Пойменные озера. Равнины. Рэндл спала на заднем сиденье, свернувшись калачиком, и ей почему-то было жарко, кожа блестела от пота, несмотря на прохладный воздух. Все окна большого кремового «Бьюика» были открыты. Митч вел машину, у него на глазах были узенькие черные очки, как на копе в кино. Алекс играл на соседнем сиденье. На этот раз со старой оберточной бумагой. Он ее складывал и разворачивал, и она будто исчезала в его ладонях. Бумага, всегда бумага. Газетная краска под ногтями. Блестящая оберточная бумага с какого-то праздника была заткнута под шнурки его кроссовок. Или привязана. Это могла и Рэндл сделать, в ее духе. Мрачные дурацкие шуточки. Против воли он обернулся, глянув на заднее сиденье, и встретился со взглядом ее открытых глаз.
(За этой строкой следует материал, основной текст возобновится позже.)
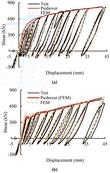 Figure 8 shows the simulation results of specimens C and D. Figure 8a is the simulation results of the flat SPSW (specimen C), and Figure 8b is the simulation results of the horizontal corrugated SPSW (specimen D). The pushover curves of specimens C and D, obtained by the FEM analysis, are also exhibited in Figure 8. It was found that the hysteresis curves of the test were consistent with those of the simulation results. The shear strengths of the SPSWs obtained from the pushover curve were a little higher than those of the experimental and numerical simulation results.

Пустым и черным, будто асфальт. На мгновение всколыхнулся страх, как зарождающийся великан. «О нет, нет, лишь бы не она тоже», – подумал он.

Сидящий рядом Алекс издал довольный звук.
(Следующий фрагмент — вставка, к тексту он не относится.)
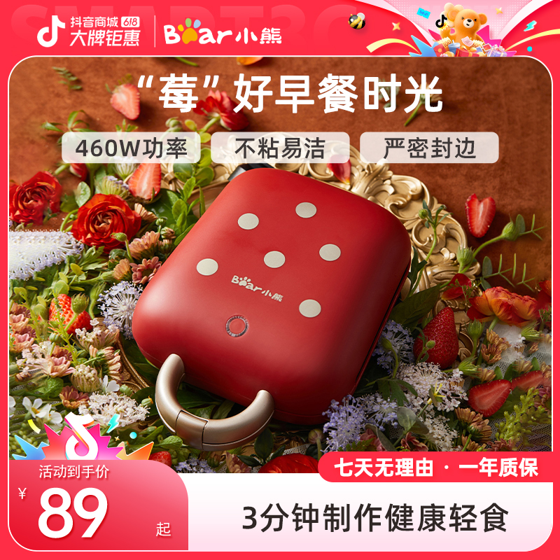 旗舰店小熊三明治机草莓早餐机家用多功能电饼铛早餐神器烤面包机网红款

Глаза Рэндл стали нормальными, и она улыбнулась, обнажив зубы на манер дешевой красотки, а потом повернулась на другой бок, довольная.

– Шлюха гребаная.

С облегчением. И с чувством.

– Есть хочу, – сказал Алекс.

Митч увидел, что тот принялся жевать бумагу.

– Сейчас найдем где-нибудь магазин, – сказал он, на мгновение подумав, как ему хочется резко крутануть руль. Навстречу быстрой и мерзкой смерти. Пусть потом другие убираются, за гроши.
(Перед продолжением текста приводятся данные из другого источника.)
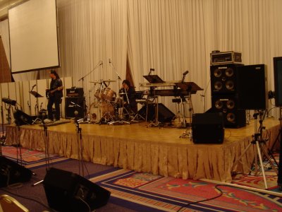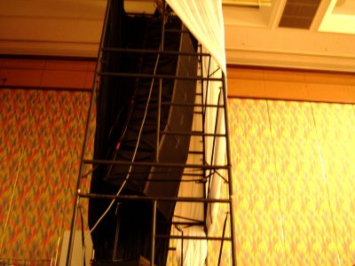 会場はW:50m.D:32m、イス席で2300人、もういっぱいです・・・入りきれません。 入りきれない人のために別会場でサウンドオフィスさんが中継しています。 左側の写真のジョーゼットで巻かれた物がタワーです。 |

Впереди показался «Макдоналдс», крикливо-яркий, с черной крышей. Митч перестроился в правый ряд чуть резче, чем следовало.

– Рэндл. Надень блузку, – холодно сказал он.

Начал пристраиваться в конец очереди машин. Время ланча, народу много. И вдруг Митч увидел, что Алекс уже снаружи.

– Я хочу доесть там, – сказал он и побежал через стоянку, забыв на сиденье оберточную бумагу.

– О боже, – проговорил Митч, высунувшись из окна и глядя ему вслед. – Рэндл, давай за ним.

Рэндл недовольно фыркнула, и ее сандалии звонко зашлепали по асфальту. Митч задумался, сворачивая на стоянку. «Он один. Бросить их здесь… «Поклянись мне, что никогда их не бросишь. Ты должен поклясться, Митчи»… Она правда когда-то это говорила? Выжала из него обещание, будто кусок сухого дерьма? Надеюсь, что ад существует, – подумал он, заглушив мотор. – Надеюсь, что он огромный, жаркий и вечный и что она там».

Алекс и Рэндл уже были почти у кассы, держась за руки. Рэндл отвела взгляд, когда его увидела, и Митч заметил, как она медленно сжала пальцы Алекса своими, дважды. Каково это ей – быть посредником? Алекс глазел на меню, будто читать умел.